What To Tell A Therapist
What Is A Therapist's Job?

I am writing this a few weeks
after an attack on the United States by terrorists.

I could have written this about many other terrors adults sometimes face, such as
living without adequate food and water,
living with chronic physical abuse,
living with someone who is intent on “breaking our will,”
living with a terminal disease that can strike at any moment,
and living through battles during war.

This topic is for adults.
(Although children often experience terror,
they are not my focus today.)


When a terrifying incident happens,
our first feeling is fear.
We immediately begin to think about “fight or flight”:
Will we take the abuse…
fight it…
or try to minimize it
by using our cleverest strategy?

Later we will be quite proud of what we did during those first few minutes.

This immediate reaction to terror
is actually good for us psychologically.
It shows us how excellent we are
at handling the worst situations one can imagine.
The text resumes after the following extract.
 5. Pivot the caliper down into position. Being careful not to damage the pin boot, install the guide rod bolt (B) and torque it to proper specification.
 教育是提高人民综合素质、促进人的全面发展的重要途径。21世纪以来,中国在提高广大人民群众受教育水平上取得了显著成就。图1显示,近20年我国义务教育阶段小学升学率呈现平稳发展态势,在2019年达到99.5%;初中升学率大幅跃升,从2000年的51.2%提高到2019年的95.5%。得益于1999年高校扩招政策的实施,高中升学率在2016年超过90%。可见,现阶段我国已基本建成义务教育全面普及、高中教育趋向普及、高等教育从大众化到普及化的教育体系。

In the first few days or weeks after the terrorizing incident
everyone feels certain fearful aftereffects.
Everyone also experiences a uniquely personal set of feelings.
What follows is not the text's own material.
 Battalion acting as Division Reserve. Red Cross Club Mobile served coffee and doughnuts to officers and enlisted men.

The fearful aftereffects everyone experiences
come from our thoughts about the past and future.
Since the terror event was so intense,
it sticks in our minds
and we replay the memory a bit
until the image finally wears off.
And since we always want to protect ourselves,
we also naturally give some thought
to whether similar events will happen in the future.

The uniquely personal feelings are
the feelings each person tends to acknowledge
whenever anything goes wrong in their lives.
These can include sadness, anger, guilt, shame, irrational fear,
and whatever else we feel when things go wrong.
The healthiest among us will have very few of these feelings,
and the ones we do have won’t be too intense.
The least healthy among us may have many such feelings,
and some may be intense.

The thing to remember about all of these short-term effects is
that they are normal.
Even the intense and irrational feelings
some people have are normal for them.
They are used to them, and they will subside.
If the short-term feelings decrease in intensity each day
there is no need for concern and much reason for kind support.
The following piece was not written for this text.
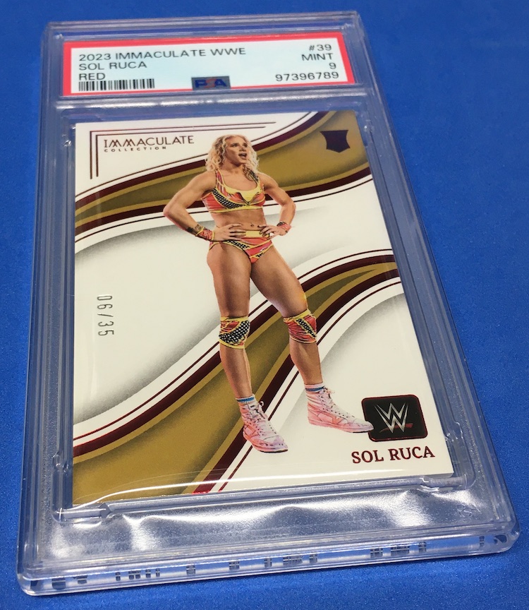 The Card: Sol Ruca 2023 Panini Immaculate Collection WWE Red (/35) -- Rookie Card parallel

Long-term effects may show up
one to three or four months later
– but they began way back in childhood.

When we were small each of us came up with
our own unique “safety plan.”
We came up with this plan in our birth family
and it worked as well as any plan possibly could have worked in that family.
As adults we still have our childhood safety plan in the back of our minds
but as we get older we adjust the plan in big and small ways,
based on the degree of safety we notice in our adult world.

When we experience terror,
our faith in our grownup safety plan is challenged
and we are tempted to return to some or even all
of our childhood beliefs about safety.
If we had a relatively safe childhood,
this revisiting of our childhood
might only mean that we allow ourselves to get more physical comfort,
just as we did with our parents when we were small.
But if we had a difficult childhood,
this return to our childhood safety plan might mean
following a plan that simply can’t work in the grownup world.

The most damaging effect of the experience of terror
is this return to an outdated plan.


About The Immediate Effects:
Notice how well you handled things
in the first few hours after the terror incident.
Realize that you can count on these natural abilities
to carry you through any future incidents that occur.

Also notice, and take very seriously,
how often you face such fear.

If frightening events happen often,
something is terribly wrong
with the way you are living.
Get help to change the way you make decisions
about who to spend time with,
how to protect yourself and others,
how to use your anger effectively, etc.

About The Short-Term Effects:
You are just soothing yourself as well as you can,
so you only need to trust yourself and avoid being self-critical.

About The Long-Term Effects:
If the emotional pain doesn’t go away in a few months,
you owe it to yourself to find a good therapist.
(Read “Are You Considering Therapy?” – another topic in this series.)

Accept yourself as you are.

Accept others as they are.

Don’t let terror rob you of anything!